Computers are logic, hence, they have a wonderful understading of these sorts of games. The odd thing with chess though is that _no_ computer is "world champion": a human always wins. That isn't the case for Othello / Reversi though which computers have been winning for years. There will always be one that we humans will win though: snap. That is, unless they give computers arms, which would be a very bad idea, unless they also give them wheels and hoovers.


Go

Post 5

26199

Good point. Actually, I was thinking of writing a snap computer game... cuts out the cheating, kinda thing...

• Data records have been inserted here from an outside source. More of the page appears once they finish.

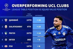 體育資訊11月6日訊 德國轉(zhuǎn)會市場根據(jù)球隊目前歐冠排名與陣容身價排名的差異,列出本賽季歐冠表現(xiàn)超出預(yù)期球隊榜單,卡拉巴赫居首。
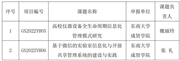 今年会两个研究课题(见下表)获2022年江苏省高校实验室研究会立项资助研究课题。
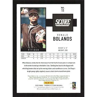 This is a 2020 Panini Chronicles Score Ronald Bolanos baseball card. The card is #11 and pictures show condition. Team(s): San Diego Padres Rookie Card (RC)
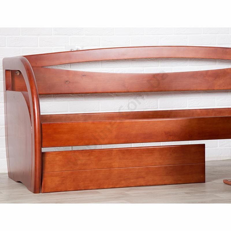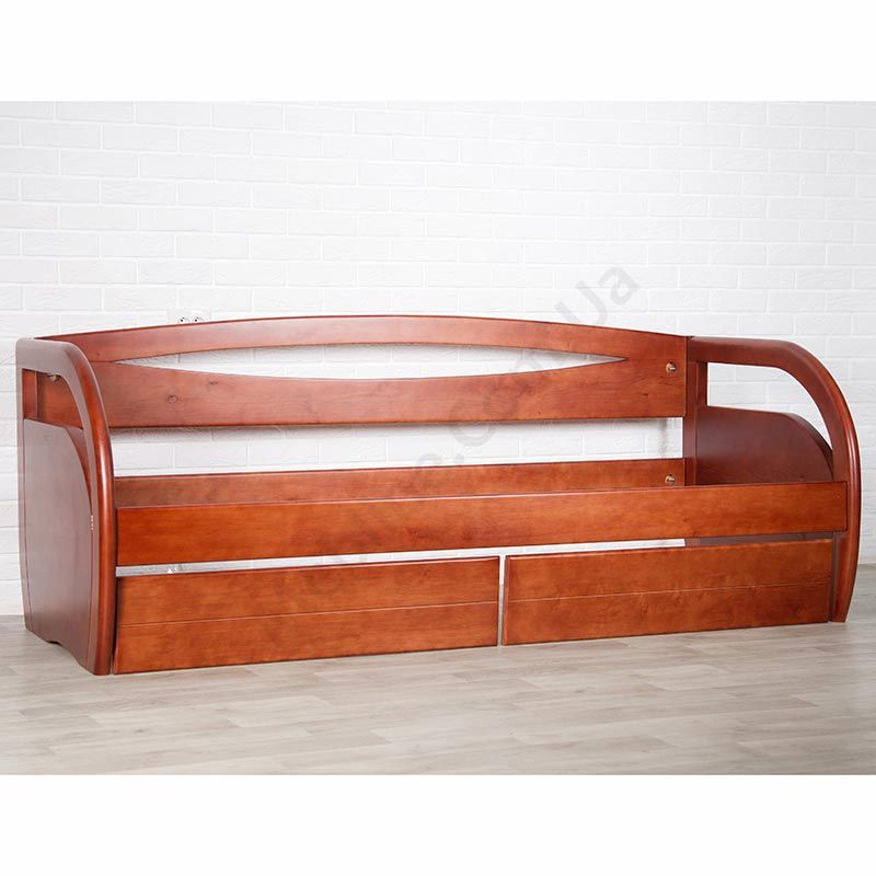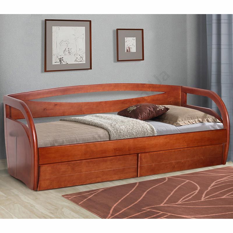 Односпальне дерев’яне ліжко зі спинкою та ящиками.

But I don't think I'll let the computer play.


Go

Post 6

beeline

Current computer programs cannot really be said to 'understand' chess the way that humans do, and they certainly don't play the way we do. They solve the problem by just evaluating every possible sequence of moves and choosing the best - pure brute force approach. Grand Masters don't (and can't) do that. They use many psychological insights into their oponents' play patterns and gamble against them, which computers are incapable (as yet) of doing. They work out what the opponent is likely to be thinking and/or planning, and whether they might be thinking about whether their plans have been discovered or not, and whether to change them. Computer can't do this kind of meta-thinking very well yet. GMs don't actually look that far ahead either, compared to computers.

Until someone produces a neural net-based chess playing machine that assesses its opponent by apparent character and mood, and can 'get inside his/her mind', a GM will always win - it's cunning, which computers aren't.

I liked Poe's Chess/Go/car analogies!